As David Gewirtz puts it, Echo “can be dumb as rocks sometimes, [however] there are a few things (turning on and off the lighting, basic math, weather) that have provided a level of incremental convenience we’ve rapidly become used to.” David then gives a dozen tips on what to do with Echo.  Joe Brown has an in depth article on his experience with Echo.  “All virtual assistants feel stuck in that trough between what we can imagine and what technology can actually achieve,” writes Geoffrey A. Fowler in the Wall Street Journal.  We have all experienced this when talking to Siri, Google Now, or Cortana. Does than mean we stop using these voice activated personal assistants? Hardly. And they will improve. Especially with the competition Amazon is creating with Echo.

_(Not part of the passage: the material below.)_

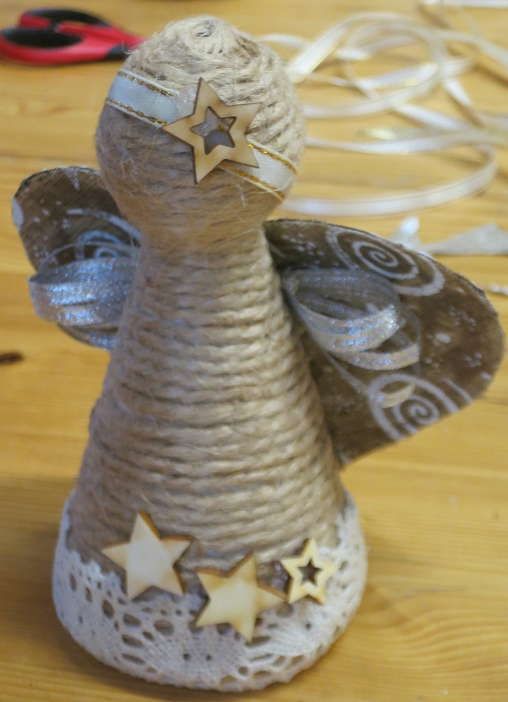 B) ANDÍLEK - základ polystyrenová figurka, přírodní provázek, další ozdůbky - šikovné děti od 7let, případně s dopomocí rodičů..

Thousands of reviewers have given Amazon Echo a 4.5 star rating. 
Brain X Chen, Tech Fix, New York Times, wrote an article, Alexa, What Else Can You Do? Getting More From Amazon Echo worth reading. c/net has an article by Taylor Martin worth reading if you have some issues with Echo, “4 common Amazon Echo problems and how to fix them.”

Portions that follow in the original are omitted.